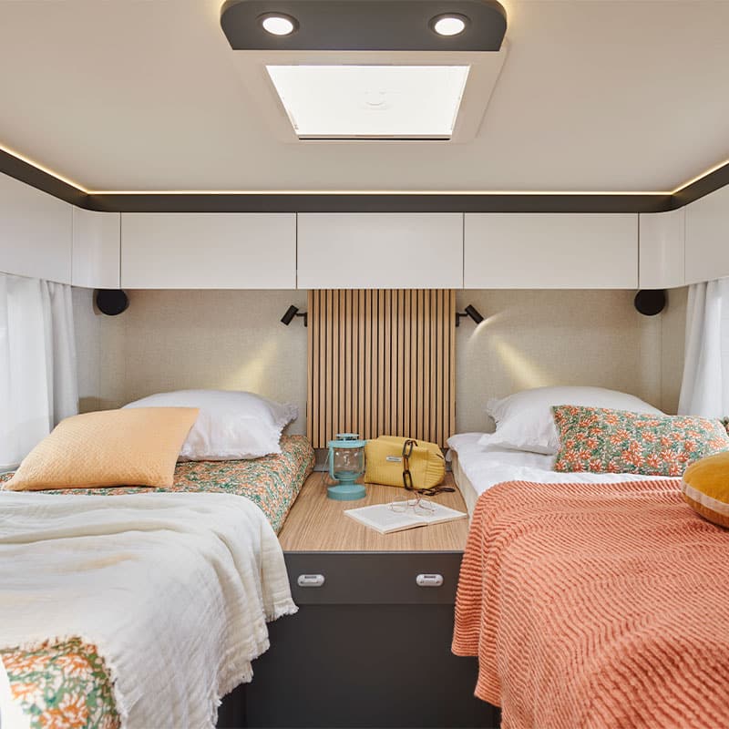 La cellule de nos camping-cars profilés neufs a été pensée pour faciliter la circulation : vastes salons, salles de bains spacieuses et chambres confortables. Faites le choix du confort.
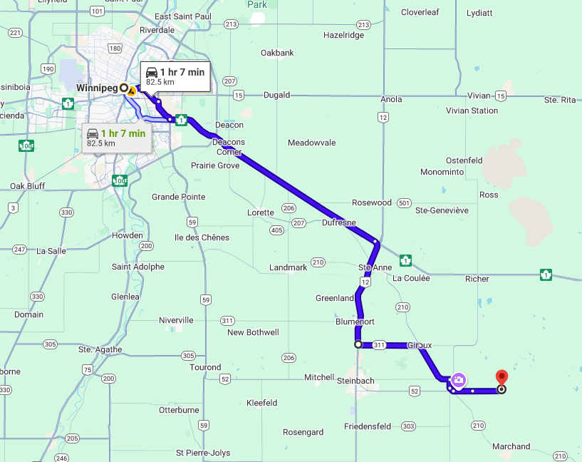 When coming from Winnipeg we recommend using the preferred route posted below which will keep you on paved HWY until the last 3km.
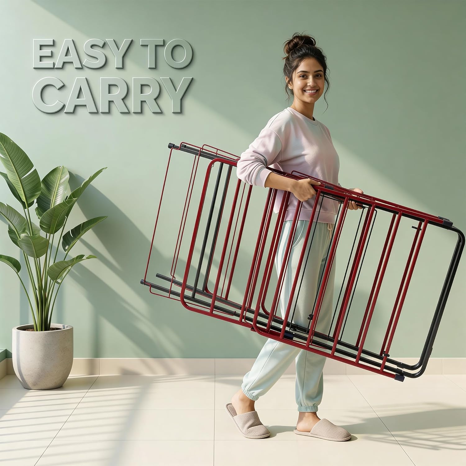 The metal frame is designed to provide stability during use, while the powder-coated surface helps maintain appearance over time. Suitable for everyday laundry routines in Indian homes.
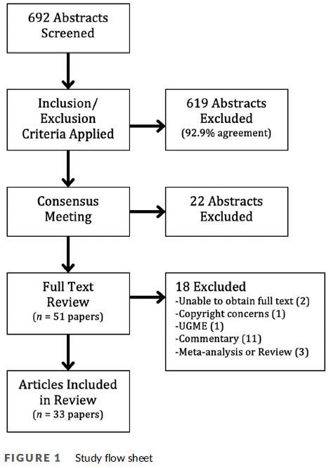 The literature search generated 692 abstracts, of which 51 papers met criteria for the full text review (Figure 1). Of the 51 papers, 33 met the inclusion criteria. The full text reviewed highlighted that there is a relative paucity of primary data informing our understanding regarding the intersection between learning and assessment in the workplace.
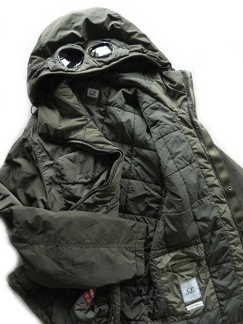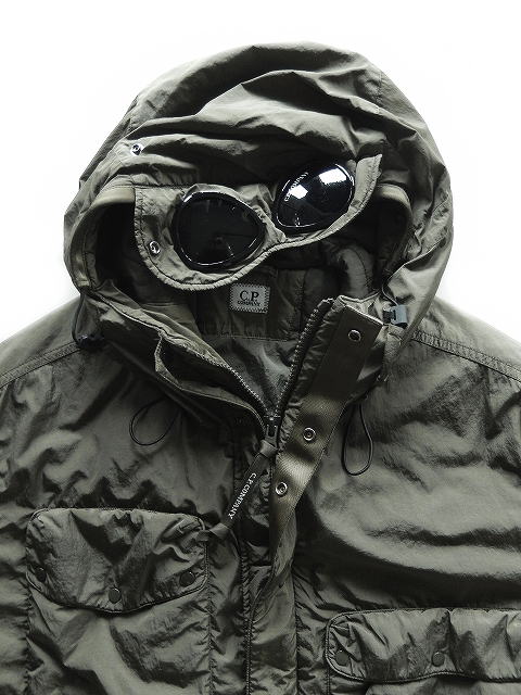 ジャケットの特徴は、C.P. Companyの象徴的なゴーグルフード、フラップ付きスナップ留め付きの隠し両面フルジップ、
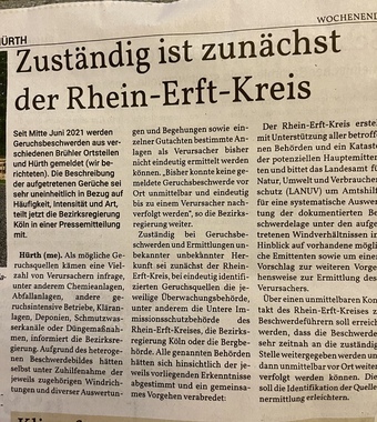 Seit Mitte Juni 2021 werden Geruchsbeschwerden aus verschiedenen Brühler Ortsteilen und Hürth gemeldet. Die Beschreibung der aufgetretenen Gerüche ist sehr uneinheitlich in Bezug auf Häufigkeit, Intensität und Art.
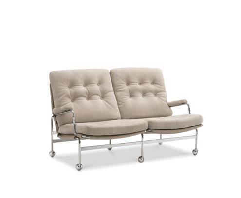 這款優雅的雙人座沙發可搭配 1969 年 Bruno Mathsson 設計的原版 Karin 扶手椅。本款沙發秉持經典系列傳統,舒適的填充靠墊可置於鍍鉻框架和支撐網上。除了沙發和原創椅子外,Karin 系列也有腳凳及桌子。
-- -- --
=== WHAT THIS TASK INVOLVES ===
Write out, word for word, the lines running from the one containing "Seit Mitte Juni" to the end of the data above; the pictures are to be left out.

=== ANSWER SPACE ===
 Seit Mitte Juni 2021 werden Geruchsbeschwerden aus verschiedenen Brühler Ortsteilen und Hürth gemeldet. Die Beschreibung der aufgetretenen Gerüche ist sehr uneinheitlich in Bezug auf Häufigkeit, Intensität und Art.
 這款優雅的雙人座沙發可搭配 1969 年 Bruno Mathsson 設計的原版 Karin 扶手椅。本款沙發秉持經典系列傳統,舒適的填充靠墊可置於鍍鉻框架和支撐網上。除了沙發和原創椅子外,Karin 系列也有腳凳及桌子。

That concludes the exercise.